The figures for high-profit tiers are stark: only 1.25% of addresses earned over $1,000 per month on average; just 0.26%—about 6,600 addresses—earned over $5,000; and only 3,250 addresses (0.13% of all traders) earned over $10,000 per month.

Even more critical is the issue of sustainability. Among those 6,600 addresses earning over $5,000 per month, 53% were active for only one month before disappearing; only 2.6% traded continuously for over a year. Sergeenkov summarizes in his report: “Most traders arrive, trade for a while, then leave.”
In contrast, bottom-tier arbitrageurs consistently extract value. An academic paper from Spain’s IMDEA Networks Institute analyzing 86 million on-chain trades between April 2024 and April 2025 found arbitrage traders captured roughly $40 million in profit solely from price spreads. A single wallet earned as much as $2 million across 4,049 trades—averaging $496 per trade.

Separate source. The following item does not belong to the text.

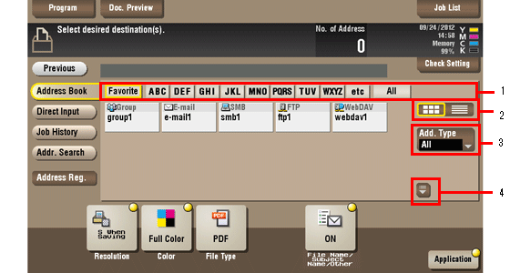 1 | Narrow down destinations using the search text specified for the registered destination. Using [Add. Type] in combination further narrows down destinations.
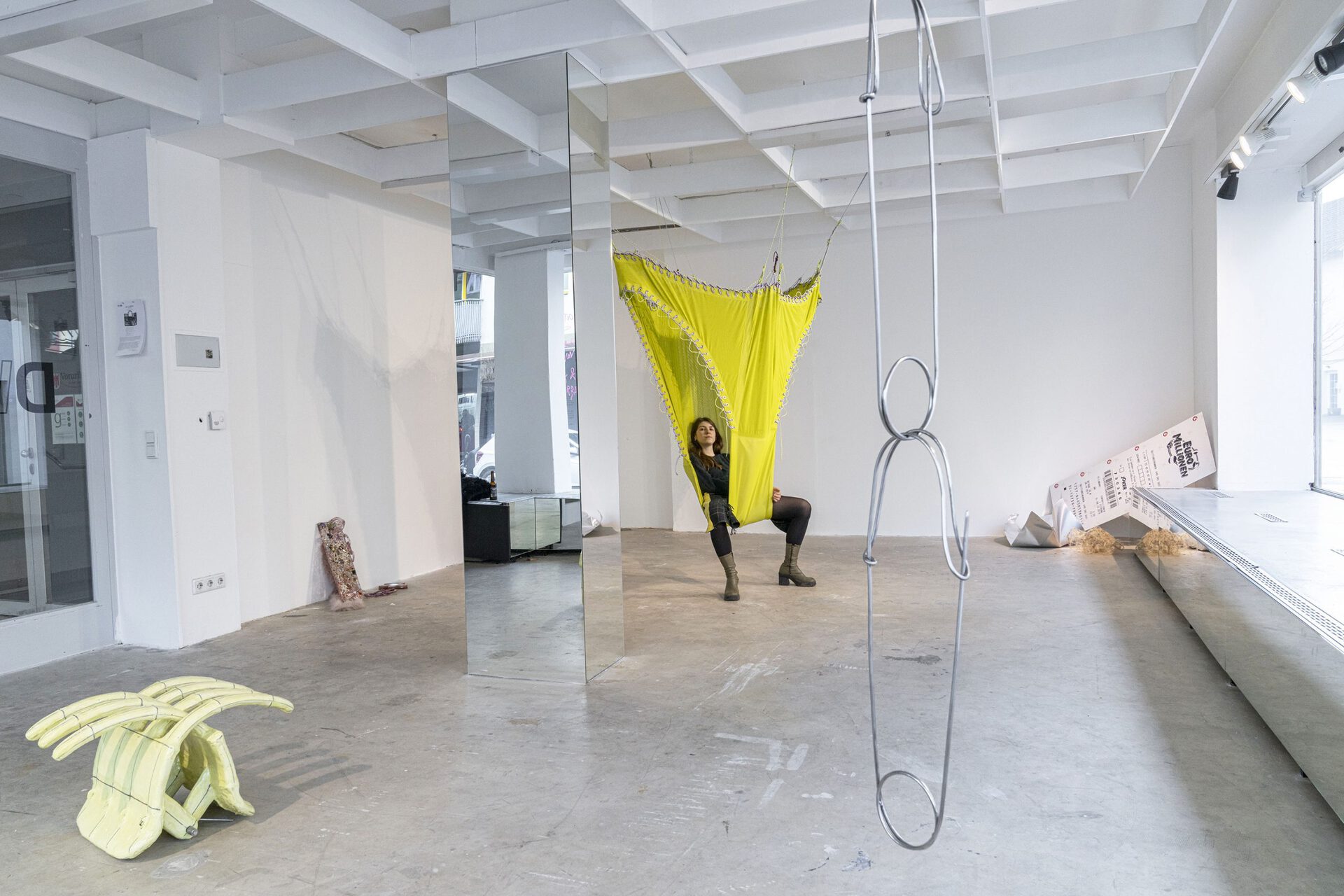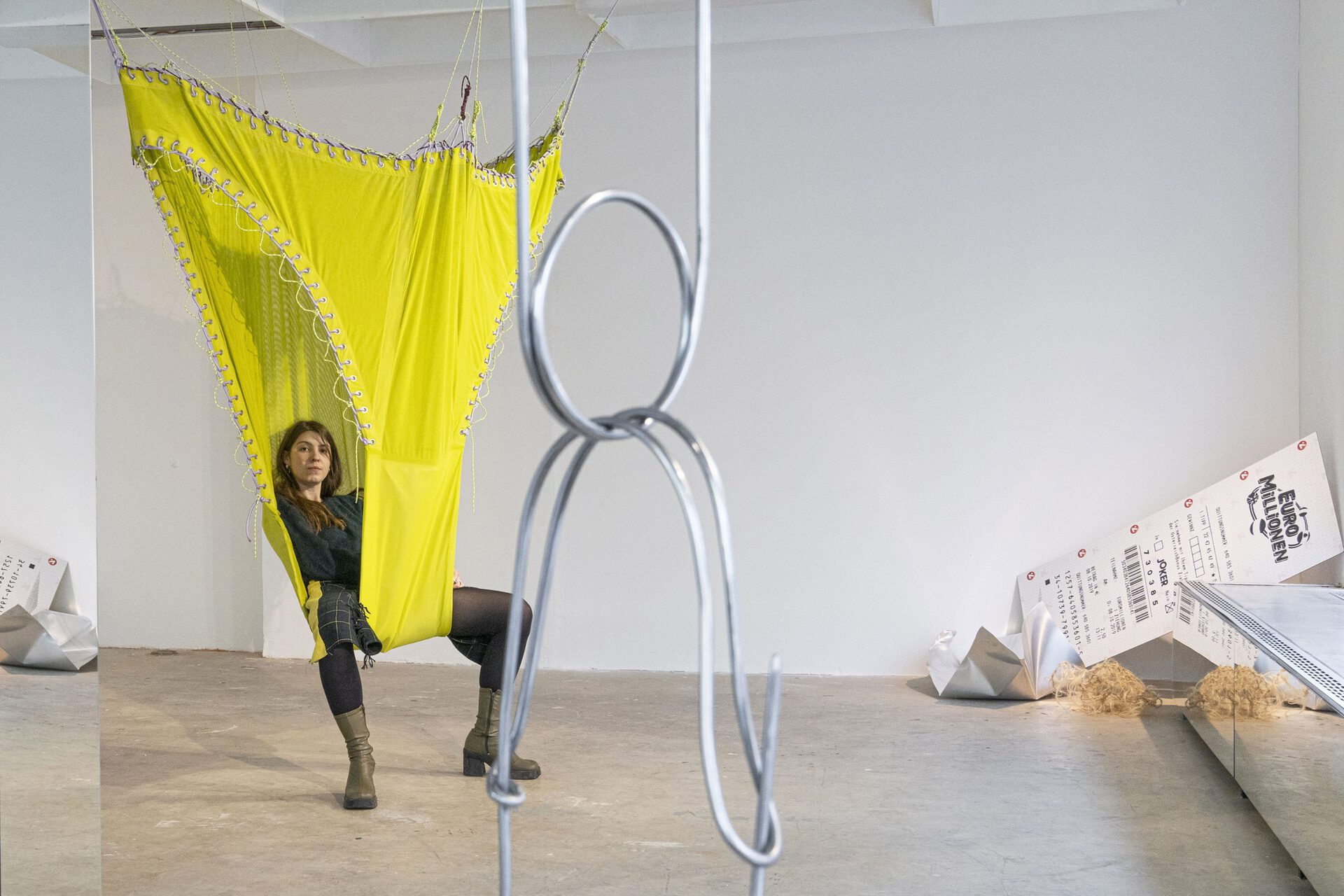 "Out of proportion- pick me up!" opens a handbag and reveals its contents. The space becomes the bag itself, container and recipient, and gives visitors the opportunity to view the normally inconspicuous objects "rolling around" in size of furniture pieces. An "Alice in Wonderland" feeling sets in: objects such as hair clips, safety pins, hairballs and others are proportionally inflated, ten times larger than in reality. This enlargement causes a shift. The usefulness and value of the individual objects elude the usual system of classification, from the small cheap hairclip,which can easily be lost, to an object which can take up space and can shine in a new function. Artists: Flora Lechner with contributions by Norma Kiskan, Lukas Matuschek and Miguel Parrrra Space: DWDS in Bregenz, AustriaText

Retail Traders’ Manual Execution Cannot Compete With Bots; Informational Advantage Is Highly Concentrated
The root cause of losses is straightforward. IMDEA’s research shows the largest profits accrue to wallets employing automated strategies: arbitrage bots, market-making algorithms, and high-frequency trading systems. Retail traders executing manually typically enter positions only after prices have already adjusted.
This is the essential distinction between prediction markets and traditional gambling. Polymarket’s order book is fully public, and on-chain data is transparent—but this transparency actually enables professional traders to build systemic advantages. A quantitative wallet equipped with low-latency APIs and probabilistic models operates on an entirely different playing field from an ordinary user who opens the app and places a bet only after reading the news.
According to Token Terminal data, Polymarket’s nominal trading volume over the past 30 days was approximately $9.8 billion, with around 462,600 monthly active traders. Platform growth itself is not in question—but there is an inverse relationship between user growth and user profitability. Sergeenkov’s data shows that the decline in the proportion of profitable traders directly coincides with peaks in user growth, especially the surge following the U.S. presidential election in November 2024.

An Information-Aggregation Tool—or a Zero-Sum Game?
This report rekindles an old debate: Who, exactly, do prediction markets serve?
Proponents emphasize information aggregation. Polymarket’s official data claims its price forecasts achieve over 94% accuracy one month before outcomes are resolved. In other words, even if 84% of traders lose money, the market as a whole continues generating valuable probabilistic signals. Unprofitable retail traders, in essence, pay for information pricing.
Critics argue that when 84% of participants lose money and profits concentrate heavily among automated traders, the distinction between such a platform and a casino is merely semantic—a regulatory classification exercise. This blurring is especially pronounced in sports markets, where the line between prediction markets and sports betting is being deliberately eroded.
Polymarket’s valuation has surpassed $20 billion. Intercontinental Exchange—the parent company of the NYSE—invested $2 billion in October 2025. Capital markets are clearly betting on the growth narrative of prediction markets.
Yet Sergeenkov’s report poses a simple question: When the next wave of 2.5 million users arrives, how will their fate differ from that of the previous wave?